Cover design processes can be a bit like clothes shopping with your mum: there’s a fair bit of getting affronted when a suggestion is made because while sure, that’s a nice enough large geometric print a-line tunic/ cover design, DO YOU EVEN KNOW ME/HAVE YOU EVEN READ THIS BOOK? When you’re shopping with your mum you can pretend you thought she meant the tunic was something she would like, and you both save face, but with book covers you are terrified of pissing anyone at the publisher off and getting a reputation as A Difficult Author so you have to just say ‘that’s a very interesting direction’ while also screaming ‘NO NO NO’ with your eyes, which has a less than 100 percent success rate when done via email. Luckily for me, it all worked out fantastically well and my cover is the greatest, so please feel free to judge my book by the cover and recommend it to your friends and family accordingly.

It’s only just occurred to me that one of the great benefits of a really good cover is that if you’re feeling a bit nervous and fearful for your book, (which let’s face it, who isn’t, because it’s taken everything in you to write it and get this far and what if everyone hates it?) then you get to wrap it in a protective layer of someone else’s talent to present it to the world. That is an excellent deal.

I’m not going to show the cover in this post, because I am doing what’s called Building Interest. Next time, I promise. Or sooner, over on Instagram Stories, which is where I do most of my day-to-day timewasting or ‘Content Production’ as I prefer to call it.

On the home front, all continues as it generally does at this time of year, with various viruses queueing up all the way down the street to take their turn to strike us down. This week it’s May Blossom’s turn with a chest infection, while last week we had Garnet with my personal favourite, the Night Vomits. I was certain we’d all get it, as the virus was so virulent that practically every kindergartener at the school came down with it. But it’s seven days and eighteen bottles of Domestos later, so I think we might have dodged it.
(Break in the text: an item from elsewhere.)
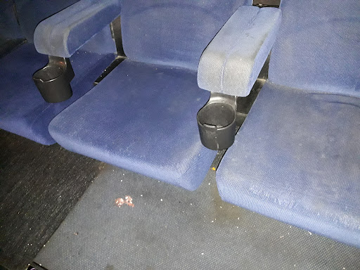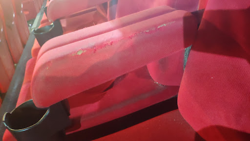 Ya durante la película estábamos por irnos, pero claro...al final te quedas. Total que pasamos el rato y cuando finalizó estaba buscando con la linterna del móvil, por si a los niños o alguno se nos había caído algo, y ese momento es de película de terror, los asientos roídos, llenos de mugre, rotos y de verdad que es para que venga sanidad a verlo.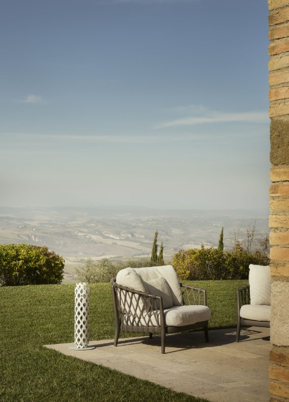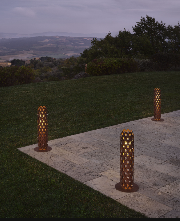 A laborious honeycomb pattern characterizes the design of Charlotte, the iconic collection signed by Doriana and Massimiliano Fusksas for Slamp ready to offer hypnotic and ever-changing perspectives even in its outdoor version, thanks to its surface with perforated hexagonal shapes.

Oh, and I’ve rejoined the gym and lost my mind with enthusiasm over it, as I am wont to do. I’ve been three days in a row and now I can’t walk up the stairs. I’ve been doing Zumba classes with the old ladies, like I used to. It’s all the same old ladies that were there before, but now they’re a few years older and a few years hotter than me. But this time I like them more. Last time I found all the sexiness and gyration and shouting ‘woooo!’ that goes on in a Zumba class completely intolerable. It made me cringe to see them all flailing about, loving themselves and reclaiming their sex appeal. And all those mirrors. Gave me the absolute horrors. Probably because I’d just had a baby and had lost my centre of gravity along with my sense of self, and couldn’t swing my hips in the right direction or in time with the correct arm to save myself. I felt like a highly uncoordinated hippo in a salsa club.

I don’t know what’s changed. Maybe it’s that I no longer have postnatal depression. Maybe it’s that I’ve come to terms with my new maternal figure and have realised that life’s too short not to dance yourself stupid with a bunch of life-loving women a few times a week. Maybe it’s because the first class I went to happened to be a fundraiser for the drought-stricken farmers so everyone there except me and one other newbie was dressed head to toe in animal print, all the songs were African-themed and half of the class was taught by a man in a gorilla costume. Whatever the reason, now I feel like a sexy highly uncoordinated hippo in a salsa club, which is a distinct improvement.